### Task inputs ###

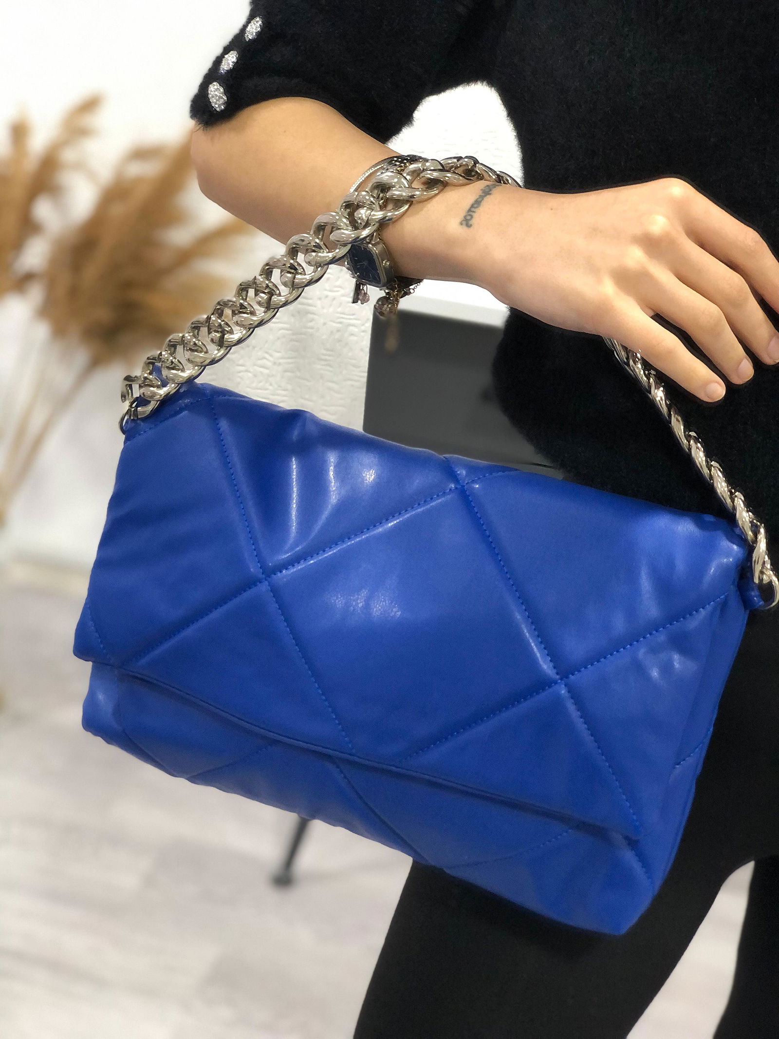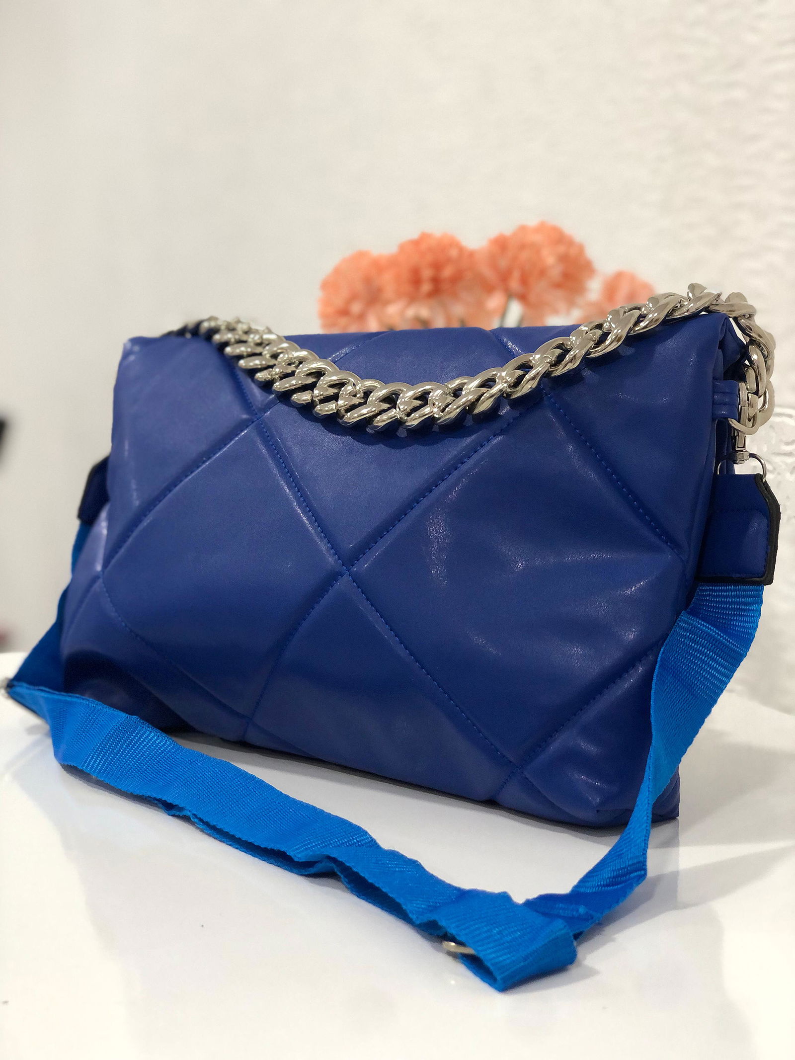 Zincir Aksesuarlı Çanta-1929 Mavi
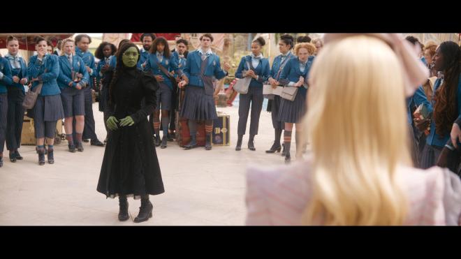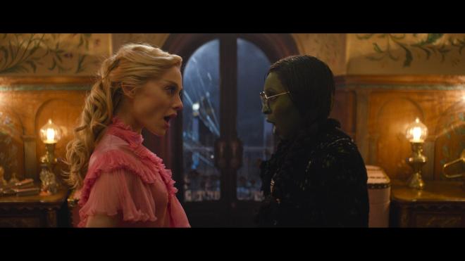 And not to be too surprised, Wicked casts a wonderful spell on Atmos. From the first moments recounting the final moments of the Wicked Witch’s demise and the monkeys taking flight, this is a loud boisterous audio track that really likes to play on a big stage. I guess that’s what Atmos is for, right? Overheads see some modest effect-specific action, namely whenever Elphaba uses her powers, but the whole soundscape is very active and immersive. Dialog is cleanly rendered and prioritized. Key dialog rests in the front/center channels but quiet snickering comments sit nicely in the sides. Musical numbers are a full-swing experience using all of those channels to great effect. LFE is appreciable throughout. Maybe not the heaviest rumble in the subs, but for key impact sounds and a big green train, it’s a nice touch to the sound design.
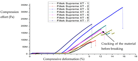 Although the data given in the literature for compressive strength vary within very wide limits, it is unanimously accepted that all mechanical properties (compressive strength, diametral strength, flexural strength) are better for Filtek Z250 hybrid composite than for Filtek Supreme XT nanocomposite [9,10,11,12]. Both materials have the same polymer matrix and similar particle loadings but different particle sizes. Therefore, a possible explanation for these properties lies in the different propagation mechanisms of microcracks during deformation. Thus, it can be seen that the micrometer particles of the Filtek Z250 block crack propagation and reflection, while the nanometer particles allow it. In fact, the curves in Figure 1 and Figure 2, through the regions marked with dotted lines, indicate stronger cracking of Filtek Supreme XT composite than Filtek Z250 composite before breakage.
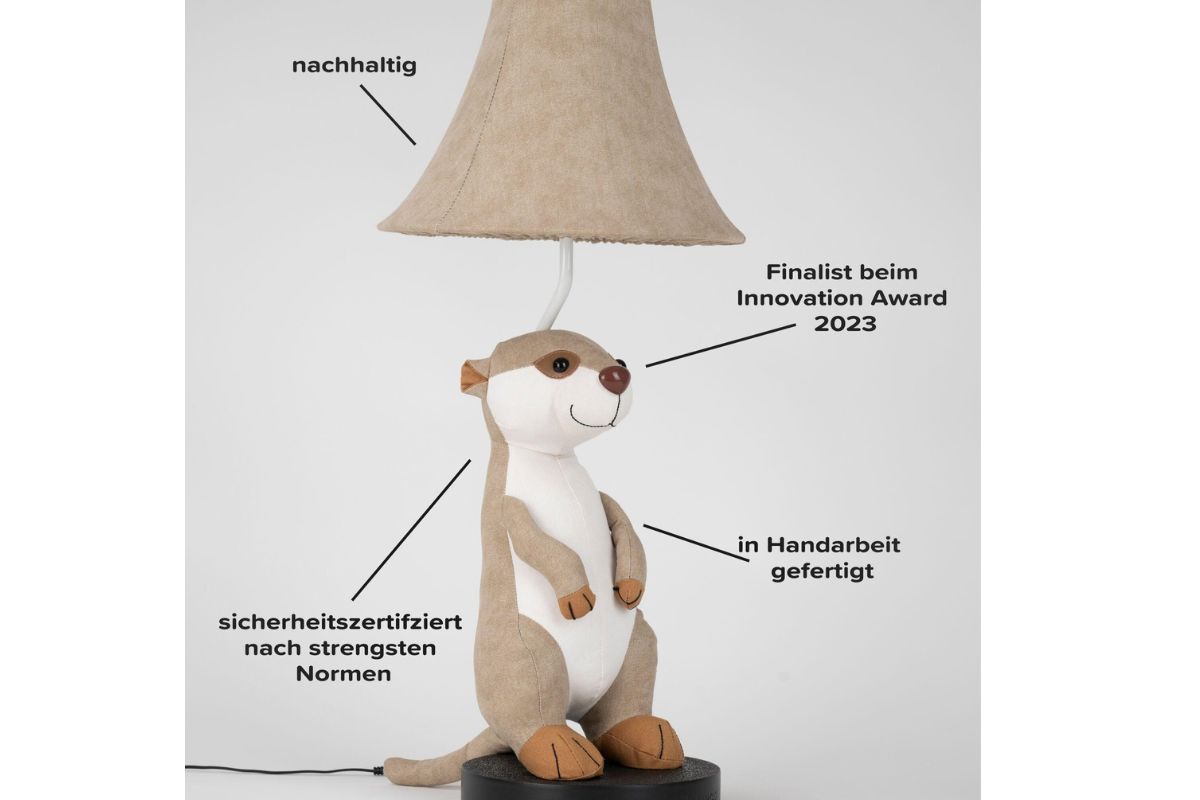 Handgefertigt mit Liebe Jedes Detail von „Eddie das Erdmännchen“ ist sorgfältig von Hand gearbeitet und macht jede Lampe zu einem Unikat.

###
### Task inputs ###

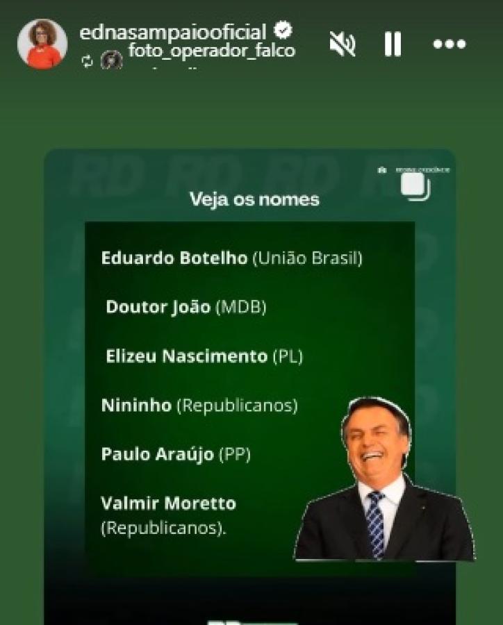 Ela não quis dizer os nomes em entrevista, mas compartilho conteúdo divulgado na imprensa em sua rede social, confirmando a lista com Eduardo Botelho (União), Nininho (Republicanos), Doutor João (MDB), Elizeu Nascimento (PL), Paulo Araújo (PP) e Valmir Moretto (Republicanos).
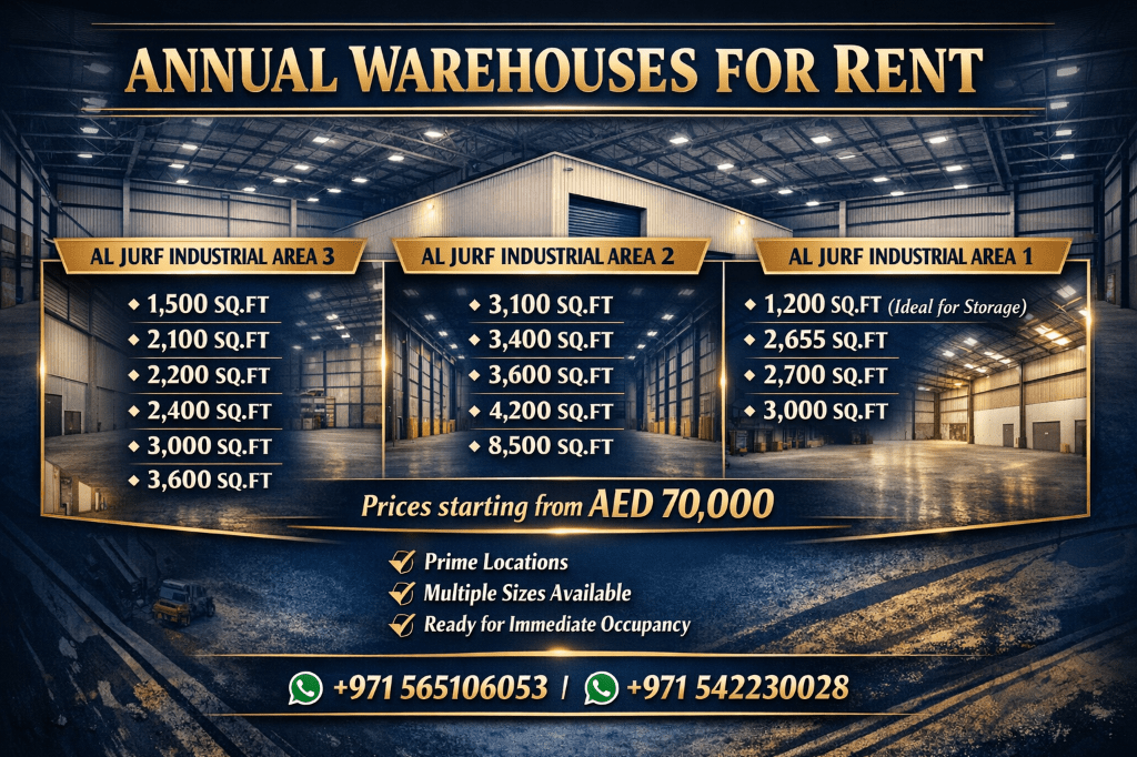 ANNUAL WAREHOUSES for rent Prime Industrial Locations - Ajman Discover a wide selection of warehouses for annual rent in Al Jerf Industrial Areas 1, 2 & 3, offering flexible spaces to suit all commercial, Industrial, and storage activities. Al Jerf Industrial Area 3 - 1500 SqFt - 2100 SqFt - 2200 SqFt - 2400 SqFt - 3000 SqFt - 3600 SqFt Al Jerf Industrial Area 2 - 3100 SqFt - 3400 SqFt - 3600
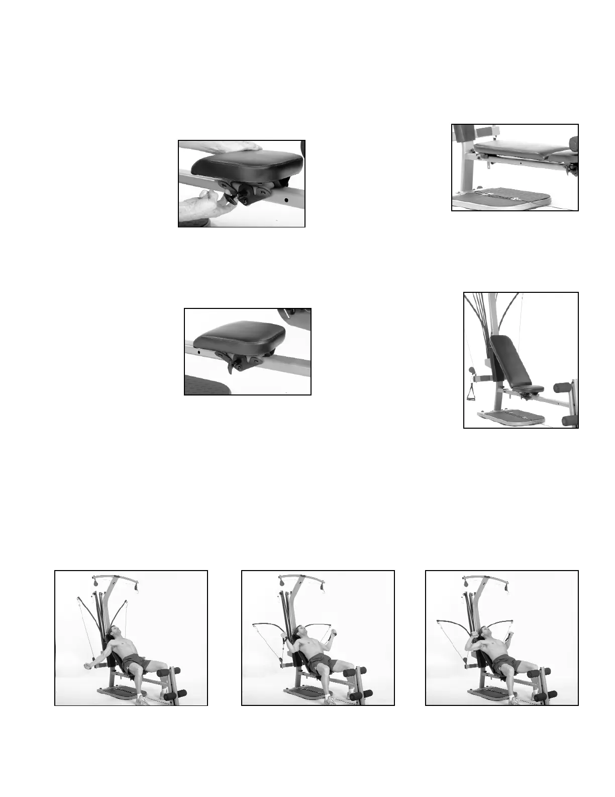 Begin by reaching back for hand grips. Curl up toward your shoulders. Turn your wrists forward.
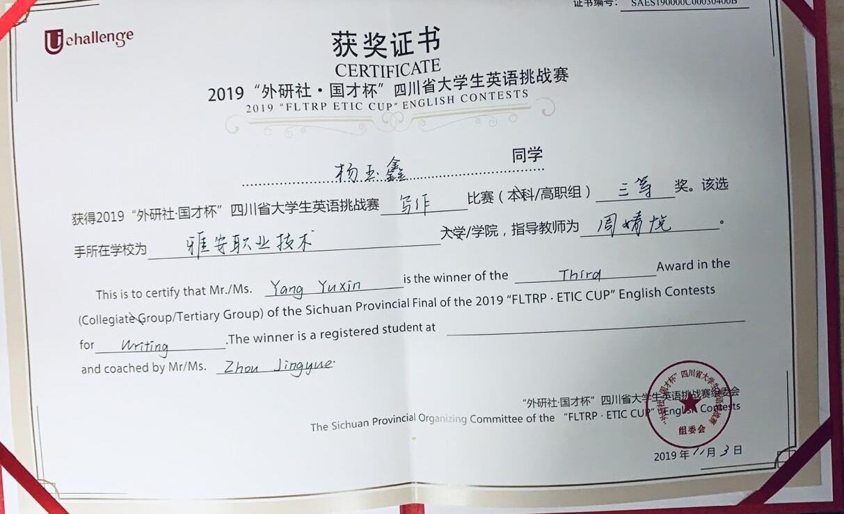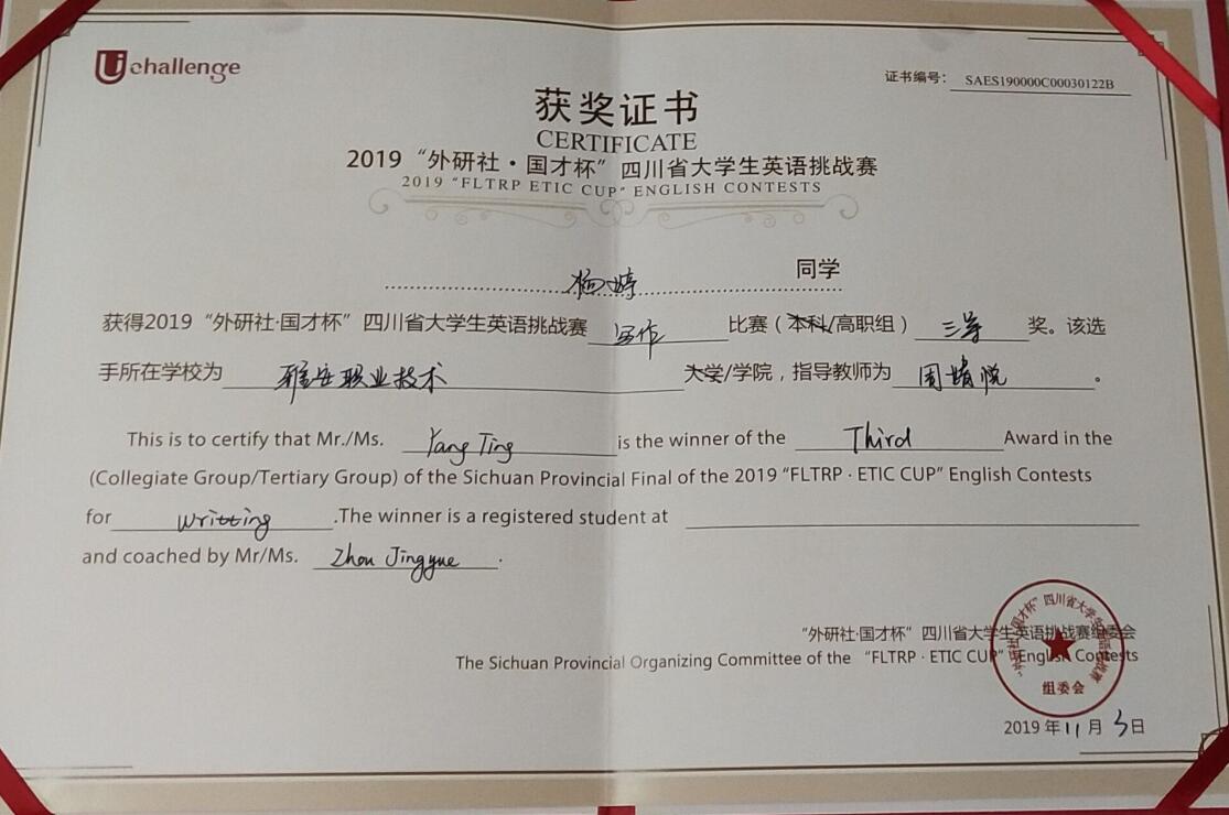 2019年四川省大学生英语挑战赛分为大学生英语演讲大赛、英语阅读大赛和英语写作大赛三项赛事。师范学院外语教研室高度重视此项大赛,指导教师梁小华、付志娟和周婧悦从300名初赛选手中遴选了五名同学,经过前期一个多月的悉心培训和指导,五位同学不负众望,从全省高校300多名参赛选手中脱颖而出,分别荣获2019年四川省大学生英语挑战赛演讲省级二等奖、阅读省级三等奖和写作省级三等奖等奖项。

###
### Task inputs ###

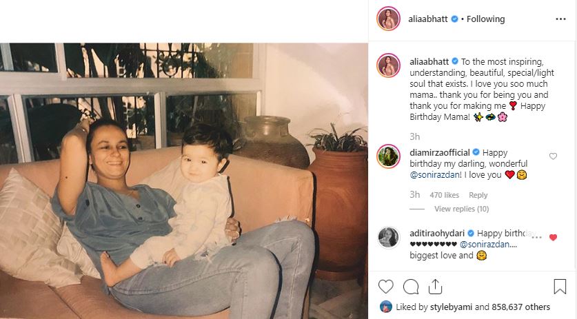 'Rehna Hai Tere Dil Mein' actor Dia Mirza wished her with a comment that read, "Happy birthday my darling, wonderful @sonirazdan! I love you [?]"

###

• _What you need to do_
Would you copy the lines above exactly, starting with the one that has "ANNUAL WAREHOUSES for" and ending with the one that has "2019年四川省大学生英语挑战赛分为大学", both included, without the pictures?

• _Answer for this exercise_
 ANNUAL WAREHOUSES for rent Prime Industrial Locations - Ajman Discover a wide selection of warehouses for annual rent in Al Jerf Industrial Areas 1, 2 & 3, offering flexible spaces to suit all commercial, Industrial, and storage activities. Al Jerf Industrial Area 3 - 1500 SqFt - 2100 SqFt - 2200 SqFt - 2400 SqFt - 3000 SqFt - 3600 SqFt Al Jerf Industrial Area 2 - 3100 SqFt - 3400 SqFt - 3600
 Begin by reaching back for hand grips. Curl up toward your shoulders. Turn your wrists forward.
 2019年四川省大学生英语挑战赛分为大学生英语演讲大赛、英语阅读大赛和英语写作大赛三项赛事。师范学院外语教研室高度重视此项大赛,指导教师梁小华、付志娟和周婧悦从300名初赛选手中遴选了五名同学,经过前期一个多月的悉心培训和指导,五位同学不负众望,从全省高校300多名参赛选手中脱颖而出,分别荣获2019年四川省大学生英语挑战赛演讲省级二等奖、阅读省级三等奖和写作省级三等奖等奖项。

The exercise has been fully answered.